Co-navigation : conseils aux propriétaires de navire et aux vacanciers

Le Ministère de la Transition Écologique et Solidaire a publié en juillet 2018 une fiche technique indiquant jusqu’où l’Etat accepte la pratique de la co-navigation en matière de plaisance, aussi bien à l’égard des propriétaires de navire que pour les visiteurs et vacanciers. Car en effet, en période estivale, les locations de navires de plaisance entre particuliers vont bon train malgré le manque de licéité dans ce domaine où les usages ont fait loi.

Conseils aux propriétaires de navire de plaisance :

La « co-navigation » s’inscrit dans des valeurs de convivialité, de solidarité et de partage, spécifiques à la plaisance.

Pour que l’activité ne soit pas une prestation déguisée punissable :

  • Elle doit être occasionnelle, ce n’est pas un commerce,
  • La somme demandée ne doit pas dépasser les coûts générés par la sortie divisés par le nombre de personnes à bord (y compris le chef de bord ou le propriétaire).

Cette précision apportée par le ministère fait écho à l’affaire du skipper de 49 ans condamné pour travail dissimulé et utilisation non conforme d’un navire de plaisance à usage personnel par le tribunal correctionnel de Quimper en janvier 2018. Il a été condamné à 6.000€ d’amende dont 1.000€ avec sursis et à 1.000€ de contravention.
Le tribunal a considéré que le skipper a profité de la porte ouverte par la législation pour la location de bateaux en proposant via les sites Samboat ou Click & boat des sorties facturées de 345 à 365 € au départ de Sainte-Marine vers Les Glénan, Groix ou la rivière de Pont-l’Abbé, alors qu’il n’était pas titulaire du brevet de Capitaine 200 mais que d’un simple permis mer, et qu’il n’a déclaré aucun revenu lié à l’exploitation de son navire puisque son activité principale est la récolte et le négoce de champignons de forêt.

Par ailleurs, le propriétaire est la plupart des cas le chef de bord et sera responsable.
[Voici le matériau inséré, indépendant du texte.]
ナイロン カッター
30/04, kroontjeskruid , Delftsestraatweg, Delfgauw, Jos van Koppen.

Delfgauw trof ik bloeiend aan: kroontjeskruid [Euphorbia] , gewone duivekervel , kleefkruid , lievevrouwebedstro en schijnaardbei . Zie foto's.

Il doit se demander :

  • S’il peut attester de ses compétences ?
  • Si le navire est en bon état ?
  • Si le matériel de sécurité est complet ?

Et ne pas manquer de donner des consignes de sécurité à son équipage avant de lever l’ancre en anticipant toutes les situations pouvant porter atteinte à la sécurité des passagers et du navire.
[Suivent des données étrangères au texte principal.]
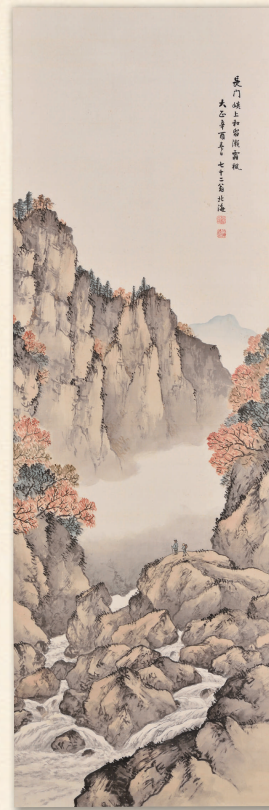
▲ 北海が長門峡保全のために描いた「長門峡上和留瀬霜楓」 (須佐歴史民俗資料館蔵)

Conseils aux visiteurs et aux vacanciers :

Il faut pouvoir et savoir choisir en toute transparence et être acteur de sa propre sécurité.

Avec un plaisancier, la co-navigation ne doit pas être acteur de soucis ou de suspicion. La participation financière ne doit couvrir uniquement que les frais engagés par la sortie (carburant, frais d’amarrage, pique-nique, boissons, etc). Elle est un moment convivial, une expérience partagée, et en faire un commerce est un délit, du transport de passagers déguisé et donc puni par la loi.

D’autre part, même le visiteur ou le vacancier doit être acteur de sa propre sécurité :

  • Il doit consulter lui-même la météo avant la sortie pour avoir la même interprétation que le chef de bord,
  • Vérifier également le bon état du navire sur lequel il embarque,
  • S’assurer que l’ensemble du matériel de sécurité est bien à bord, bien entretenu, et visible, accessible, montré et expliqué par le chef de bord,
  • Que le chef de bord dispose bien des qualifications basiques requises pour la conduite d’un navire de plaisance.

Pour cette dernière consigne, il est vrai que le permis mer n’est pas obligatoire pour naviguer à bord d’un voilier tant que la catégorie du moteur ne l’impose. Cela ne doit pas empêcher le passager de s’assurer des compétences du chef de bord.

En cas de doute :

Si vous avez un doute, adressez-vous à un professionnel de la mer plutôt que de passer par une plateforme de mise en relations entre particuliers et plaisanciers :

  • Il a un brevet de capitaine délivré par l’administration,
  • Il a été formé pour faire face à toutes les situations imprévues, par tout temps, été comme hiver,
  • Il connaît ses limites et celles de son navire,
  • Il sait gérer simultanément la navigation, votre sécurité et votre confort à bord.

De plus, le navire du professionnel est régulièrement contrôlé par un service d’inspection, et son activité professionnelle (prestation de transport ou de balade en mer) est son expertise.

Ainsi, bien que le prix risque d’être quelque peu différent, ce sera aussi le prix du confort intellectuel : vous n’aurez plus qu’à profiter du paysage, de la mer et de la sortie.